Pemerintah daerah diharapkan dapat menjembatani antara panitia kurban dan pengrajin besek agar harga bisa lebih terjangkau melalui skema pembelian kolektif. Jika permintaan besar terkonsentrasi, harga satuan besek bambu bisa ditekan lebih rendah sehingga tidak memberatkan anggaran panitia kurban. Ini adalah bentuk ekonomi sirkular yang nyata: masyarakat mendapatkan daging kurban yang lebih sehat, lingkungan terjaga, dan pengrajin lokal mendapatkan penghasilan tambahan.
Langkah Strategis ke Depan
Untuk masa depan, DPKP DIY diharapkan tidak hanya berhenti pada imbauan. Diperlukan regulasi yang lebih kuat, seperti Peraturan Daerah (Perda) atau Peraturan Gubernur yang secara spesifik mengatur penggunaan wadah ramah lingkungan pada kegiatan sosial keagamaan yang melibatkan distribusi massal.
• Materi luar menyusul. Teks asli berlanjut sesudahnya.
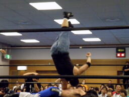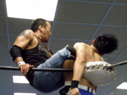 コーナーで踏み付け(左写真)、今井にタッチ。今井逆水平3連打、シュミット流バックブリーカーからボディプレス、カウント2。5分経過。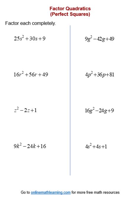 Web Perfect Squares Worksheet Perfect Squares Worksheet Multiple Choice Id: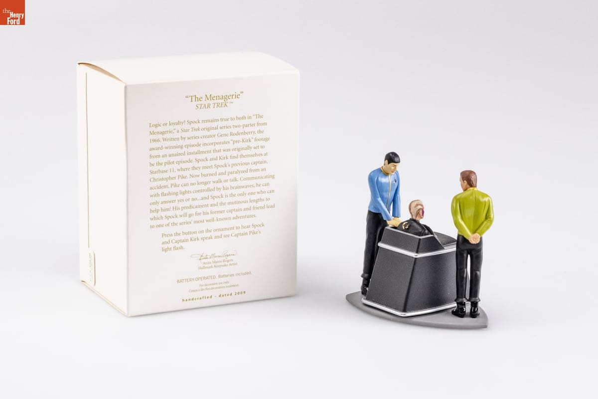 "The Menagerie" / STAR TREK / Logic or loyalty? Spock remains true to both in "The / Menagerie," a Star Trek original series two-parter from / 1966. Written by series creator Gene Rodenberry, the / award-winning episode incorporates "pre-Kirk" footage / from an unaired installment that was originally set to / be the pilot episode. Spock and Kirk find themselves at / Starbase 11, where they meet Spock's previous captain, / Christopher Pike. Now burned and paralyzed from an / accident, Pike can no longer walk or talk. Communicating / with flashing lights controlled by his brainwaves, he can / only answer yes or no...and Spock is the only one who can / help him! His predicament and the mutinous lengths to / which Spock will go for his former captain and friend lead / to one of the series' most well-known adventures. / Press the button on the ornament to hear Spock / and Captain Kirk speak and see Captain Pike's / light flash. / Anita Marra Rogers / Hallmark Keepsake Artist / BATTERY-OPERATED. Batteries included. / For decorative use only. / Concue a des fins decoratives seulement. / handcrafted - dated 2009

Selain itu, edukasi publik mengenai cara penanganan daging kurban pasca-penyembelihan juga perlu ditingkatkan. Misalnya, daging sebaiknya tidak langsung dimasukkan ke dalam plastik atau besek dalam keadaan panas (masih dalam proses rigor mortis). Daging harus didinginkan terlebih dahulu (diangin-anginkan) agar kualitas protein tetap terjaga dan tidak cepat basi.
Secara keseluruhan, langkah yang diambil DPKP DIY merupakan bagian dari tanggung jawab pemerintah untuk mewujudkan ketahanan pangan yang berkelanjutan. Kurban bukan sekadar ritual ibadah, tetapi juga cerminan dari kepedulian umat terhadap sesama dan lingkungan. Dengan beralih ke besek bambu, umat Islam di Yogyakarta dapat memberikan contoh nyata bahwa kurban yang berkah adalah kurban yang tidak membawa dampak buruk bagi kelestarian bumi.
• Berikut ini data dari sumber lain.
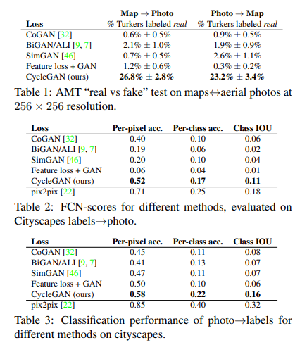 - 나머지 자동화된 테스트 지표에서도 Cycle GAN 지표가 좋은 성능을 보여줍니다.

Ke depan, koordinasi yang lebih erat antara DPKP, pengelola masjid, dan organisasi kemasyarakatan akan menjadi penentu apakah budaya menggunakan besek ini bisa menjadi norma baru di masyarakat atau sekadar imbauan tahunan yang dilupakan. Harapannya, semangat berbagi pada hari raya Idul Adha tahun ini dapat berjalan beriringan dengan semangat pelestarian lingkungan demi masa depan yang lebih hijau bagi generasi mendatang.